When, four years later, this sister drowned in a nearby river after becoming fixated on and following a group of grasshoppers out into the current, Arce’s mother was said to be a shell; one whose death a few months thereafter was attributed in the marginal notes of her parish death certificate to an alma derrotada or broken spirit.
Antonio and his sister having been the only two of their mother’s five births to survive past six weeks, Arce was alone. The twelve-year-old was expected to walk to a distant aunt in Manizales but instead kept walking until reaching Cali. Cali, a genuine city, was unlike anything Arce had seen to that point. On arrival there he could not read or write, had never really even seen a proper book, but he soon taught himself to do both at an astonishing rate. Discovering that neither activity led directly to food he ran with loosely organized gangs that operated petty crime operations like street fighting for which he demonstrated considerable aptitude, often deriving significant income by playing the part of the much younger overmatched opponent before violently and remuneratively revealing the truth.
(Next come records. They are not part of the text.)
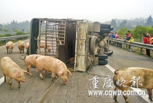 昨日,豬販汪祥全受到處罰。來(lái)自市高速公路支隊(duì)的消息稱,近幾年,高速公路上不時(shí)出現(xiàn)運(yùn)輸生豬貨車(chē)翻車(chē)后豬群亂串的狀況,其中曾有100多頭豬在成渝高速路亂串,先后引發(fā)4起車(chē)禍、3人受傷,道路封閉4小時(shí)。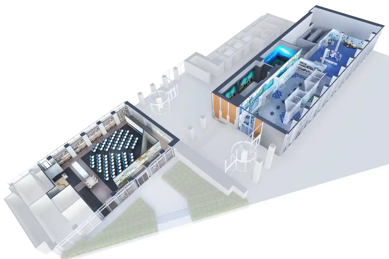 昨年11月に拡張オープンしたゲートウェイホールは、学習指導要領を踏まえ、日本の領土や海洋全般をテーマに「聞く」「調べる」「考える」「議論する」など、多目的に学びを深める空間として活用しています。 「日本の島々や海について知ることは、世界を知る入口(Gateway)となる」-そんな想いを込めて名付けられました。 |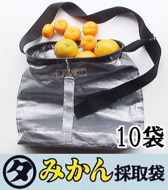 肩に掛けたままみかんを移すことができる便利なみかん採取袋です。

At seventeen Arce joined Colombia’s military primarily in the hopes that their uniform might serve as a kind of explanation that would reduce the fear he seemed to inspire in perceptive women. He rose quickly, his unlikely pairing of effortless physical and mental courage and elite intelligence something that others almost gathered to observe. The explanation worked as well and at age twenty-five Colonel Antonio Arce married Damiana Villabón who on March 6, 1927 gave birth to their only child, Margarita.
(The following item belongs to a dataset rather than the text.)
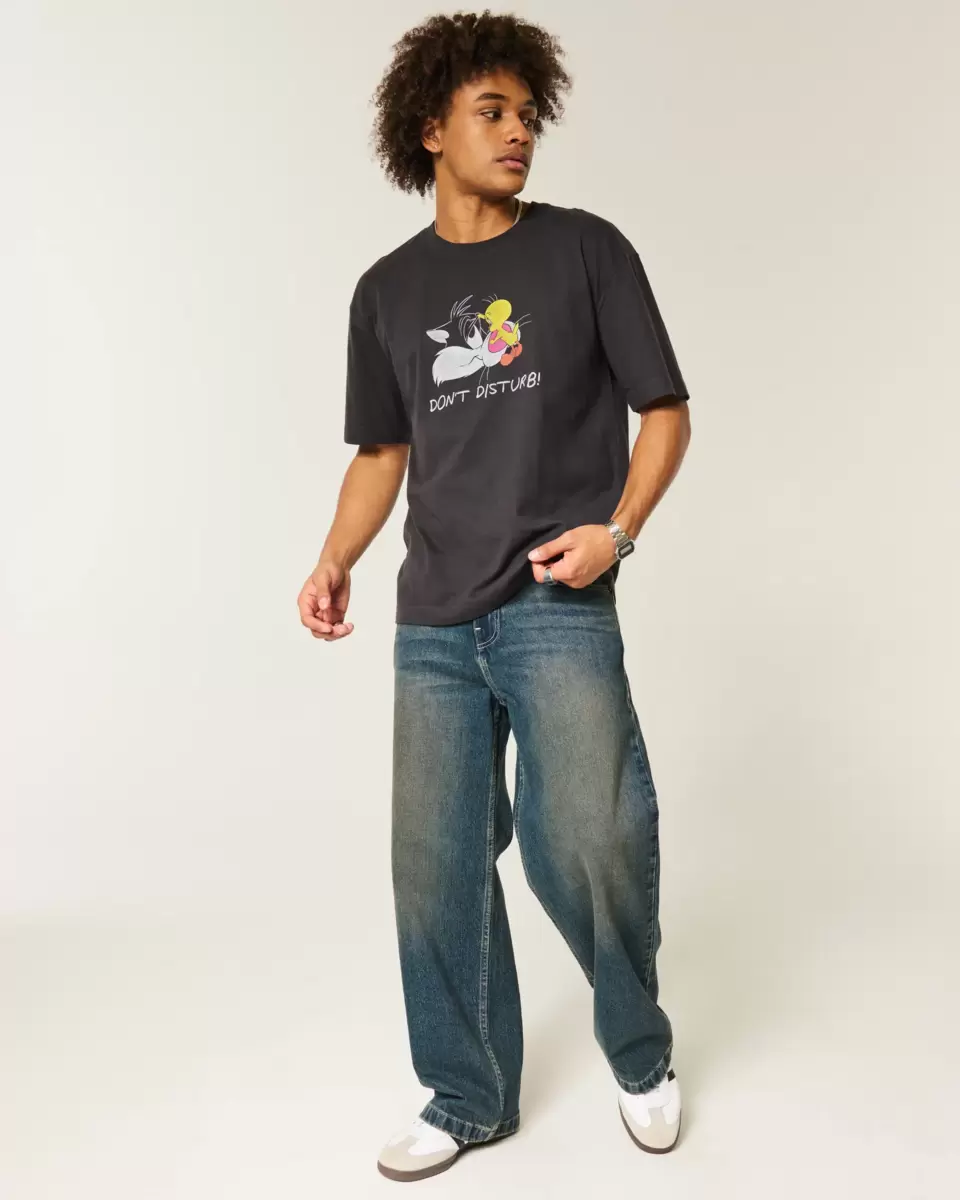 A super soft, heavyweight 100% cotton tee featuring official licensed Looney Tunes Sylvester and Tweety print graphics. Crew neckline, short sleeves. Boxy Fit.

The following year, Arce’s dissatisfaction with military service culminated in his refusal to obey multiple orders to shoot during the so-called Banana Massacre, refusals that resulted in his death being ordered and his sudden flight with wife and daughter to Colombia’s coastal region and Barranquilla in particular. Not a great deal is known of Arce’s ensuing decades in Barranquilla other than the fact that he managed to amass a considerable amount of land and other property under the assumed name of Nio de Santos. Nor is there any continued record, or explanation for the absence, of either Damiana or Margarita from this time forward.
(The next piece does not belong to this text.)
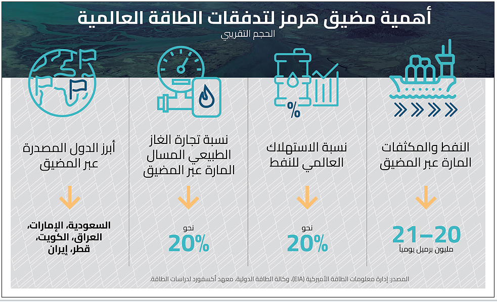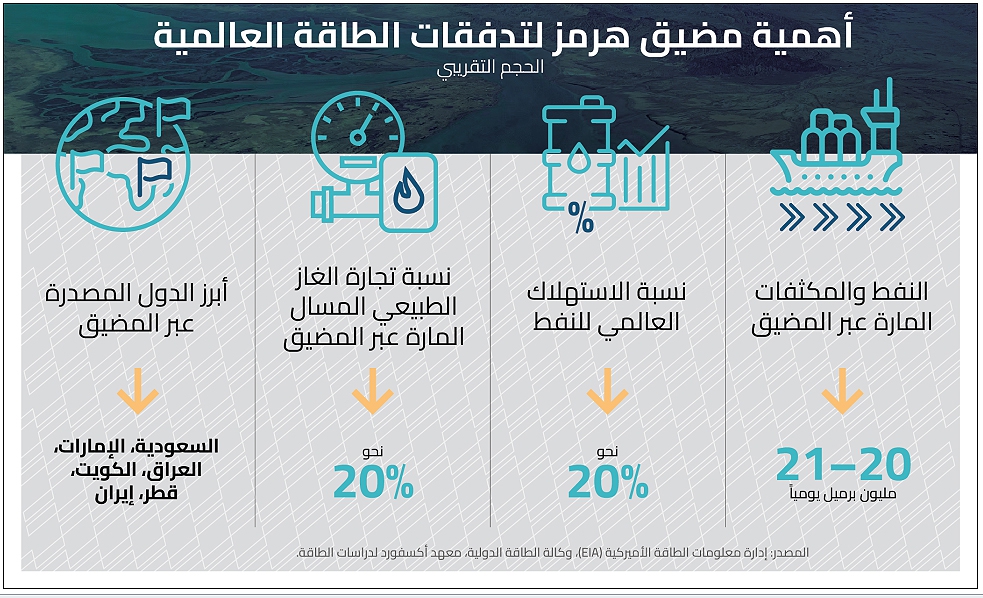 يمر عبر المضيق يومياً ما يقارب 20 إلى 21 مليون برميل من النفط الخام والمكثفات، أي نحو خُمس الاستهلاك العالمي من النفط، وفق تقديرات إدارة معلومات الطاقة الأميركية ووكالة الطاقة الدولية. كما يعبره جزء كبير من صادرات الغاز الطبيعي المسال من قطر، أحد أكبر مصدري الغاز في العالم. ولهذا السبب فإن أي اضطراب في الملاحة عبر هذا الممر لا يبقى حدثاً إقليمياً، بل يتحول سريعاً إلى اختبار مباشر لاستقرار الاقتصاد العالمي.

What is known is that in 1948, following the assassination of presidential candidate Jorge Eliécer Gaitán, Colombia descended into a kind of savage civil war between its two political parties: the Conservative Party (think military, church etc.) and the Liberal Party (think social reformists). As the country (especially the rural parts) sank into anarchic chaos one of the few things both parties could agree on was that they wanted Antonio Arce added to the list of more than 200,000 dead. Arce’s ultimate response was the abandonment of everything he’d built with the exception of the twenty-two foot boat he used to sail to Cuba.